全国の中学生と高校生の科学研究を対象とした「第59回日本学生科学大賞」で、最高の内閣総理大臣賞を高校の部で獲得した、三重県伊勢高校2年の矢口太一さんの研究は、セミです。
セミには4枚の羽があり、飛び上がる時に「後翅(こうし)」と呼ばれる後ろ側の2枚の羽が、飛ぶ向きを調整するハンドルのような役割を果たすこと解き明かした研究発表です。
この夏の保育園のイベントで「ナイトツアー」を行ったのですが、そこで子どもたちは、セミの羽化シーンを見ることができました。それも、何十羽ものセミです。セミの幼虫が、のっそりと木を駆け上るところも目にしました。ちょうど、満月に、真っ白なセミが映えたシーンは、子どもたちだけでなく、保護者も大感動のシーンでした。
矢田太一さんは、小学校6年の夏、セミ捕りをしていた時、逃げ足の速いものと、すぐに捕まえられるものがいることを不思議に思ったそうです。彼の「なぜ?」にヒントを与えたのが、エンジニアの父だそうです。

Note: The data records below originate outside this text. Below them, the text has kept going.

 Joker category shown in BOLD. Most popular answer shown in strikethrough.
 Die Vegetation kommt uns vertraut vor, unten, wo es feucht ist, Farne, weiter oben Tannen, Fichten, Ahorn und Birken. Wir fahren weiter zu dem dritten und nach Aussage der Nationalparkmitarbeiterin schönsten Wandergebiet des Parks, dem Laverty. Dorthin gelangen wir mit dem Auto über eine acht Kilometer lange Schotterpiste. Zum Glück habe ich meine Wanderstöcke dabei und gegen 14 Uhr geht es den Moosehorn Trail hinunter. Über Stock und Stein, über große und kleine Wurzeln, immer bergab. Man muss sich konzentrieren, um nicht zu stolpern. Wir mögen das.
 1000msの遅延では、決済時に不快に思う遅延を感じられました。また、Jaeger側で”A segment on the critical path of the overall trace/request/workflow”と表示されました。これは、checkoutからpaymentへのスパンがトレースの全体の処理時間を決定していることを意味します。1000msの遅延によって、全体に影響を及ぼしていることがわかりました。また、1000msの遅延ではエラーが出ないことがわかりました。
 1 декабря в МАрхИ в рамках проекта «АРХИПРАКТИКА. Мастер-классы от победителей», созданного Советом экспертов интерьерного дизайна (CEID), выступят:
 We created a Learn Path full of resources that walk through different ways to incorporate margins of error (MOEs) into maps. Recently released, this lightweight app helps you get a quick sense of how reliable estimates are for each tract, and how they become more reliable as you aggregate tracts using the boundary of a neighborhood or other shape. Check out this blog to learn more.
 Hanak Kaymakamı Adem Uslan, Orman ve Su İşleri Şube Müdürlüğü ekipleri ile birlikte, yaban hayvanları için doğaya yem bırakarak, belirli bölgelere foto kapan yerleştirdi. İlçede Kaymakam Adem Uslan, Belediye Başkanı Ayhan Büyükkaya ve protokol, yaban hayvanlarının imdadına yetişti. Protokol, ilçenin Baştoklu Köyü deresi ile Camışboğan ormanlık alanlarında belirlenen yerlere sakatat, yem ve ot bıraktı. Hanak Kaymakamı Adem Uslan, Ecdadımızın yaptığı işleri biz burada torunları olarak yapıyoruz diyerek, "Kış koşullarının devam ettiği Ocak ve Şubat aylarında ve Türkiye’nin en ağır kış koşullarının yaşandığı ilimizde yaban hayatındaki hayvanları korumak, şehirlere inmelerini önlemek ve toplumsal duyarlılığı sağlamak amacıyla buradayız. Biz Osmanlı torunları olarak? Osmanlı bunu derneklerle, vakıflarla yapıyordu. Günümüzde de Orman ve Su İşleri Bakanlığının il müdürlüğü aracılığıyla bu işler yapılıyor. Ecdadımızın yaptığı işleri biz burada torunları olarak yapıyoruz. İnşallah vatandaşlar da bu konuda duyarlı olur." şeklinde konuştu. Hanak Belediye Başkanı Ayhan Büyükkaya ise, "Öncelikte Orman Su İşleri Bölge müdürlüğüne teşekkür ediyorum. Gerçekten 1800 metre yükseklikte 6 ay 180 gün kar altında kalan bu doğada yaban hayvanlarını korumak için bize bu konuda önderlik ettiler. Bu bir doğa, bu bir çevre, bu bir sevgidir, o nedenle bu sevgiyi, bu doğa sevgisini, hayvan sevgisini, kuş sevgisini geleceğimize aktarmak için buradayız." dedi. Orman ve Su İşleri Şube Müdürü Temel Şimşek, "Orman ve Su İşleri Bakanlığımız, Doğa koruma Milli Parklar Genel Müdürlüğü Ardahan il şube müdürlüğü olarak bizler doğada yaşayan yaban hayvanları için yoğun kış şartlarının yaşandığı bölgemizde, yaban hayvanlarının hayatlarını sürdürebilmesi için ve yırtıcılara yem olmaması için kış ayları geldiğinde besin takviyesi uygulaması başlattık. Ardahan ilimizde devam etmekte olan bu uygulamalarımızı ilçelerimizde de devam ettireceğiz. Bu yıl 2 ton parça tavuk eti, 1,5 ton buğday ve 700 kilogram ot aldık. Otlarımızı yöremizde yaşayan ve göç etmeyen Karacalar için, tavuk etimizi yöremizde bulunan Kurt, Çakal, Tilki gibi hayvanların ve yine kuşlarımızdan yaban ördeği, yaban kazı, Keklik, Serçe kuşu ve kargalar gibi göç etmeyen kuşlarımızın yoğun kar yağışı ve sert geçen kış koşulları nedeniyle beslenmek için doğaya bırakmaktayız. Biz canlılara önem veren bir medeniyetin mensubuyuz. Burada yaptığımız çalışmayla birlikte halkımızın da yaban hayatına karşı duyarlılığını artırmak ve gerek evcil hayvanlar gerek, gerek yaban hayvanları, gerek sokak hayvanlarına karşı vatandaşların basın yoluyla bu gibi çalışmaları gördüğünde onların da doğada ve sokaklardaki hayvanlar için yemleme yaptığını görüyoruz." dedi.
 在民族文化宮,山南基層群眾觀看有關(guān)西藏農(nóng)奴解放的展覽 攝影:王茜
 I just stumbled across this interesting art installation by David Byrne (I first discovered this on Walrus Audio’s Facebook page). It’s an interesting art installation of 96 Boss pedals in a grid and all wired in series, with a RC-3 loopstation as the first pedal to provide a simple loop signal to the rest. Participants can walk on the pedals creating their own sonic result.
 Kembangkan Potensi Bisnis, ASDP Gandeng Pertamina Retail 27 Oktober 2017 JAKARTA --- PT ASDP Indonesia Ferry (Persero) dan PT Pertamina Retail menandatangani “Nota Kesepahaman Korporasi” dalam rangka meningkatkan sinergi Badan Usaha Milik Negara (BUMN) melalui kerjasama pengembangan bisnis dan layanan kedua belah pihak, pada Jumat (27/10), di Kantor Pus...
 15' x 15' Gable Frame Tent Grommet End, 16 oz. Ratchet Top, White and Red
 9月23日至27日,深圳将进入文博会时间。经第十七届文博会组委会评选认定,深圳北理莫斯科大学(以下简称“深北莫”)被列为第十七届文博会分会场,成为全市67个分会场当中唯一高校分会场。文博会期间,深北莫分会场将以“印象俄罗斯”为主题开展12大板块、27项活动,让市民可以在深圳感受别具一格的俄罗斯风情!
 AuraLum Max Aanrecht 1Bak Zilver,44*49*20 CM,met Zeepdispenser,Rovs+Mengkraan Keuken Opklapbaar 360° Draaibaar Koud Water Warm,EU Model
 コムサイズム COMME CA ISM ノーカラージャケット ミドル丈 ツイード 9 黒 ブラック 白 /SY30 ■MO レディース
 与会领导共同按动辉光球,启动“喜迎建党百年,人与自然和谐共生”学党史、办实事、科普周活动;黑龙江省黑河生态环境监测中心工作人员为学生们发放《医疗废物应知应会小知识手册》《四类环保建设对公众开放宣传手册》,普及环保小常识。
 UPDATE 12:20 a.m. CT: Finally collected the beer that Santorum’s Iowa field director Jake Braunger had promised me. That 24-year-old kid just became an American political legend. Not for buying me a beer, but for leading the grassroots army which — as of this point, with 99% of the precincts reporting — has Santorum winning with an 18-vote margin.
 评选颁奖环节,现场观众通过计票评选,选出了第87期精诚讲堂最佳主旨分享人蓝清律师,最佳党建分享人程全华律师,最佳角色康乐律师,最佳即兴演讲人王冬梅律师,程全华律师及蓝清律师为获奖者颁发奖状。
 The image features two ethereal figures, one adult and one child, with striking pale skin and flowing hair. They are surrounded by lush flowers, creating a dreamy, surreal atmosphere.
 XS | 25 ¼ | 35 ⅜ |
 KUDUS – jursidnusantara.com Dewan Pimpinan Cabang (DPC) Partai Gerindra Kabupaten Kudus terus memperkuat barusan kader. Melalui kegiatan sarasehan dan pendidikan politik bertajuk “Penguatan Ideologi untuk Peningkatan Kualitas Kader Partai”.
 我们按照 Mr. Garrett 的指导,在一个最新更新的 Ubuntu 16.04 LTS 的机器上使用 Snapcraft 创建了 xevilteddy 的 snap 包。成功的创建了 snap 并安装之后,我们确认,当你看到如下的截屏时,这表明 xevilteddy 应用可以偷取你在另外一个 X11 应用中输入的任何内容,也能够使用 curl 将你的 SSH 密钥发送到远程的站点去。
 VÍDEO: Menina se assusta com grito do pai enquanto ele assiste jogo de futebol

「セミの重さと羽にかかる力の関係は、きれいな直線のグラフで示せました。生物で起きていることなのに、物理の教科書に書いてあるような規則性が面白かった。」と語ります。ハイスピードカメラの撮影で、「セミは幹から離れた直後、後翅を『ハンドル』のように使って、空中で方向転換することがわかった」そうです。
彼の志は、ただ面白かったでなく、社会に生かせる研究を今後はやっていきたいということです。
私は、一人、セミの羽化シーンを思い出しながら、こんな若者にエールを送るのです。